The other night, he was a little earlier than usual, or maybe I was running late. Whichever it was, I had just popped the marinated chicken breasts into the oven as he came through the door. It would be half an hour or so before we could eat the main course (Lemon-garlic chicken and purple mashed potatoes), but I threw together a big salad appetizer to tide us over.

We settled into our designated spots on the couch with our big salads, and watched half an hour of something or other, until the oven timer interrupted us with a loud buzz. Down went the salad bowl, and up went I to the kitchen, fumbling to find the oven mitts. I poked the metal spike of the digital meat thermometer into the thickest part of the biggest piece of chicken, and pressed the button. Numbers appeared on the screen and began to climb, slowing to a crawl around 80. Concerned, I checked the setting on the oven - 375 as usual - and then tried the temperature in a different piece of chicken. No difference: the temperature still wouldn't get past 80.

Damn.

"It's going to be a while, honey. I should have pounded these stupid things; they're too fat and they're going to take a while." I offered him some mashed potatoes, but he was content to wait, so I covered the baking dish with some foil and put it back into the heat, setting the timer for 25 more minutes and returning to my mindless TV.

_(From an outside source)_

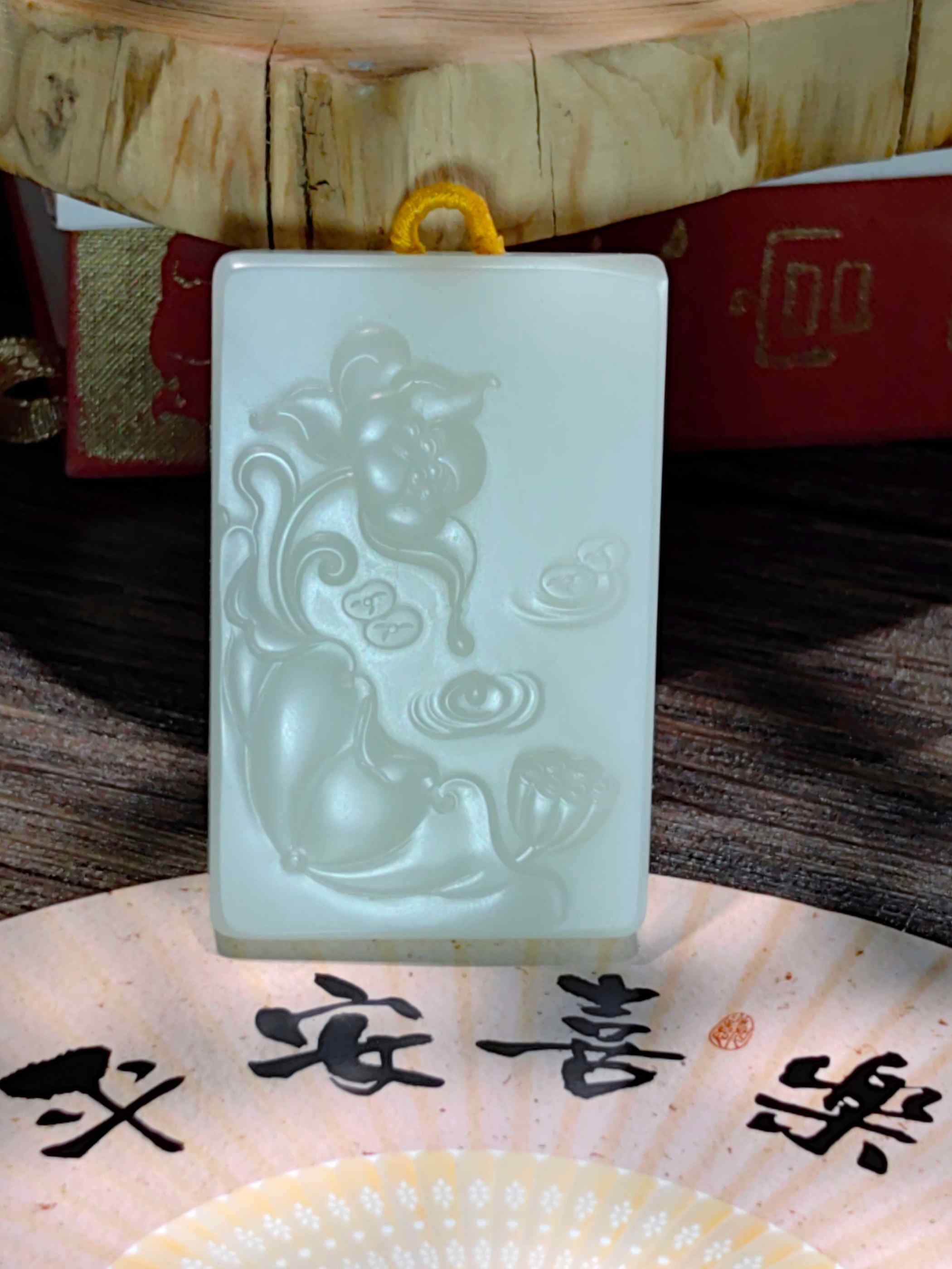 这是一件大方的和田玉牌子项坠,雕工非常细腻,浮萍、莲藕、荷花、莲叶由远及近,诗意又生动,预示着“和美顺遂"。
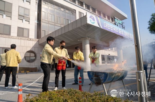 또 청사 건물에서 예기치 않은 화재 발생을 가상으로 설정하고 지휘반, 진압반, 대피유도반, 구조구급반 등 직원 자위소방대의 화재 초기 진압과 화재 발생에 대비한 종합 훈련으로 진행됐다.

More buzzing, more fumbling for oven mitts, more temperature-taking. This time the numbers stopped near 100. I may have cursed at this point. I may have flapped a dish towel around in frustration.

"Fine", I may have muttered to myself, "if they don't want to cook in the oven, I will nuke these sons of bitches. They won't taste right but we'll be able to eat something before midnight, and maybe this way I won't kill us with salmonella!"

"They won't get up to temp," I informed my hungry husband, "so I'm just going to nuke them so we can eat. They're supposed to get to 165 to not kill us, and they're still way below that."

One and a half minutes of full-power microwaving later, the thermometer still didn't want to get past 105. I flung it onto the counter and tried to think what the hell else I had in the fridge so I could throw together a quick replacement dinner. And that's when I saw it. 

The readout of the digital meat thermometer, still on, a few feet away on the counter.

It said: 21.

Oven-mittened facepalm ensued.

"Um, honey? I think I just had a GPS moment."

There were two seconds of silence, and then a giggle from downstairs.

"Celsius?"

It amazes me that no other explanation was required.

We ate the chicken. On the bright side, even the hyperthermophilic* bacteria that live beside superheated ocean vents can't survive past 105C, so we were definitely safe from Salmonella.

*Hyperthermophilic: loves extreme heat.